> Description of the task: Every line below from the one with "As a bowler, Crawford's" through the one with "カタールの首都ドーハにあるア" is to be repeated exactly, with no picture among them.

> The data:
——————
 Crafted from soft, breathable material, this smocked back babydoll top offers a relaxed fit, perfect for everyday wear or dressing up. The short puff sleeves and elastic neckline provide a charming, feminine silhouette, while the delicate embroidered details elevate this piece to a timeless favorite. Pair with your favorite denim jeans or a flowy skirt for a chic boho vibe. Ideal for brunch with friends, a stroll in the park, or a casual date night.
——————
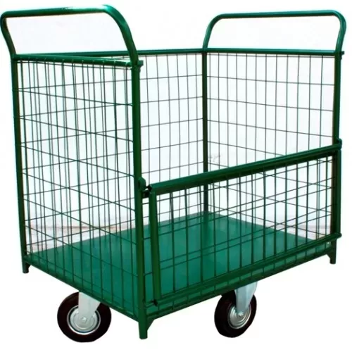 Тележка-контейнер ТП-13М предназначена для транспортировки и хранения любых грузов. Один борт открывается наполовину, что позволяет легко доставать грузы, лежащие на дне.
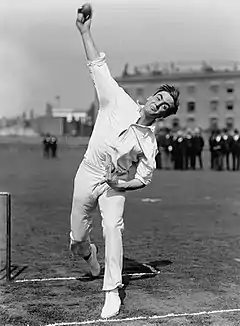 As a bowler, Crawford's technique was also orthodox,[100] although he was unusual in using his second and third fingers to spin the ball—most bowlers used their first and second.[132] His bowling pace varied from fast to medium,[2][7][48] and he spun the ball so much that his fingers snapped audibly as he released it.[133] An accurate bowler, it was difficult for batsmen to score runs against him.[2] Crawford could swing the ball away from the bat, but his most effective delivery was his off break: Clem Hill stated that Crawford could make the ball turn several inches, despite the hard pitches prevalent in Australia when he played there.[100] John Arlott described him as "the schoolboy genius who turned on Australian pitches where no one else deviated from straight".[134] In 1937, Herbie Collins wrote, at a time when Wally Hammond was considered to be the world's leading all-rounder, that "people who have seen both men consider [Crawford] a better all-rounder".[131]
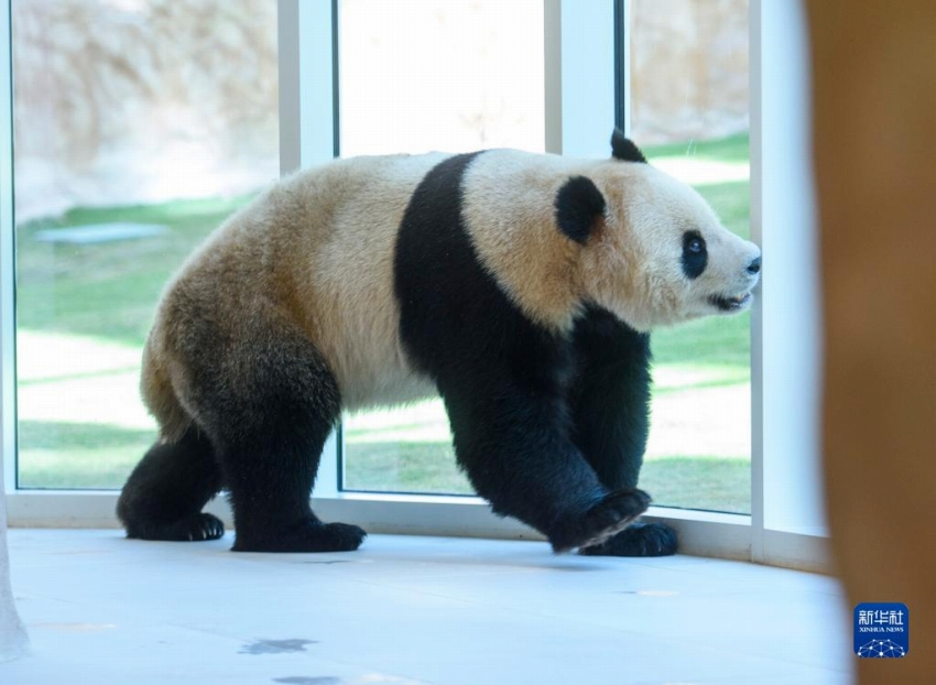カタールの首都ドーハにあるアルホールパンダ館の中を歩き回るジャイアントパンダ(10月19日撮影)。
——————
> Solution for this task:
 As a bowler, Crawford's technique was also orthodox,[100] although he was unusual in using his second and third fingers to spin the ball—most bowlers used their first and second.[132] His bowling pace varied from fast to medium,[2][7][48] and he spun the ball so much that his fingers snapped audibly as he released it.[133] An accurate bowler, it was difficult for batsmen to score runs against him.[2] Crawford could swing the ball away from the bat, but his most effective delivery was his off break: Clem Hill stated that Crawford could make the ball turn several inches, despite the hard pitches prevalent in Australia when he played there.[100] John Arlott described him as "the schoolboy genius who turned on Australian pitches where no one else deviated from straight".[134] In 1937, Herbie Collins wrote, at a time when Wally Hammond was considered to be the world's leading all-rounder, that "people who have seen both men consider [Crawford] a better all-rounder".[131]
カタールの首都ドーハにあるアルホールパンダ館の中を歩き回るジャイアントパンダ(10月19日撮影)。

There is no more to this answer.